Segunda-feira, 24 de Outubro de 2011

Austin Ironman 70.3

I have this love-hate relationship with Austin. Ever since I arrived here - 10 days ago - I've been staying in South Austin, training by myself, riding thru traffic on the roughest roads on the planet and having to ride an hour just to get a 30' swim in because all the pools are so freaking far. I'm hating every moment of training here. But I keep saying to myself.. deal with it, deal with it, deal with it. Same happened in Austin's race, formerly known as Longhorn 70.3.


The swim seemed to have the perfect setup. No sun on your face, nice temperature in the water, good buoys. The pro field that actual showed up kinda surprised me (and most) considering this was such a low-points, super-low prize money 70.3. Still, it's Austin and it's easy to get here. The gun went off at 7:30 AM for pro men and soon I got dropped from the front pack. With the quality of swimmers present, I wasn't surprised at all I couldn't hang with them. I've been lacking motivation to swim as it's hard to push yourself alone. I'm used to swim with some fellas and I've been totally missing that for the last 7 weeks. I lost 2'30secs to the leader. Actually, I thought it would be worse. I was just kinda dissapointed I was out of the water behind Ronnie.

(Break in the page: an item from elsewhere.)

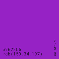 Цвет #9622C5 в цветовой модели RGB обозначается тремя октетами (150, 34, 197) в десятичном формате и #9622C5 в шестнадцатиричном (hex) формате, которые являются интенсивностью красного 150 (hex 96), интенсивность зелёного 34 (hex 22) и интенсивность синего 197 (hex C5).

Once on the bike and considering at how fast Cigana rode by me at mile 5, I come to realise being ahead of Ronnie wouldn't have done much difference anyways. I settled in on the second pack of athletes. Other than feeling like I was riding on the worst roads in the state of Texas (not to say the WORLD), I also felt like that it's pointless to announce at the pro meeting to watch out for drafting boxes, distances, cause there were simply no marshals out there on the course. I saw some real and cruel disrespect to all the rules of fair play I usually play and cheerish in this sport. It happened with no concern whatsoever, totally aware that it was not legal. The only concern was constantly looking behind to see if some would show up and call drafting penalties. I won't go any futher here. I haven't race many oficial 70.3 events so I guess this' "normal". Deal with it, deal with it, deal with it. I couldn't believe what it was going on but I just settled back, waiting for someone to show up and see. Not a single marshal motobiker passed on the bike during 56 miles. I got to T2 in 9th.

I took off T2 as fast as I could. Deal with it, deal with it, deal with it. Every second lost on the bike, I had to make up for it anywhere I could. They changed the run course from last year since the drought that Texas went thru made a real mess on the old one. So it was three-loop course which I thought it was pretty challenging. I got no one in sight but felt good and just focused on a high cadence, good hydration as it was getting HOT out there and not going over the roof on the first miles. I remember going thru mile 1 in 5:15 which was about right for the effort I was putting to get away from the "pack" of athletes that rode with me into T2. As the run was an almost out and back on the same road, we could see who was running a few miles ahead of us at a certain point. I saw everyone was pretty far ahead. I did my best to run at a pace that was fast enough were I was going almost out of breath but could hold it for an half-marathon. On a three lap course, I like to give it all on the second one and just hold to my life on loop three. I eventually made a ton of time to the guys just ahead of me and caught back up with Cartmell. I was consistently hitting 5'40 miles but was short on Richie who would finish 5th. With two miles to go I said to myself it was game over, which now I feel like it was just a bad thought. Not that I could have make all the way to 5th but I struggled on the last miles to keep the pace high. My body was reacting to that thought and it started to settle back on the comfort zone when it should have gone to the limit. Ended up 6th overall, with a 1h15 split on a run I paced perfectly. I wish it was 26.2 miles, I'd like to see how would I deal with another half-marathon at that pace. It makes me happy and confident that I'm pretty sure I would have master it.

The guys that finished ahead of me were all just impressive. The swim felt like it's my true weakness, mostly after the colarbone crack in June. The bike was rough and the run was tough and the guys on the Top 5 just made it look like a fast day. It was not. Again, they were impressive.

I feel like 6th is short for what I'm currently capable of and I have all this bad memory from the race. The darkness early in the morning while setting up my bike, the mud on T1, what happened during the bike but not all was bad. I must give a big thumbs up to the quality of the aid-stations and volunteers, the great finish chute inside the arena, the good recovery services and food and the weather (I praise every race it doesn't rain). Still, my "love" for Austin comes from the people I end up hooking up after the races. As in Cap Tex Tri early this year, I got to Maudies on South Lamar for an awesome evening with great people over great mexican food. Thank you Zoot crew for the awesome dinner, Derrick and Kelly Williamson, Caroline Gregory who joined us for dinner and my awesome "hosts" for the weekend in N Austin, Lesley Smith and Gary Metcalf.

ALSO big congrats to Lesley Smith who totally kicked some serious pro ass with her 4th place and Molly Kline who SMASHED the golden boy Jake Jensen on their own Zoot-staff challenge!

Miami Ironman 70.3 to follow. 7 days to get ready & recovered.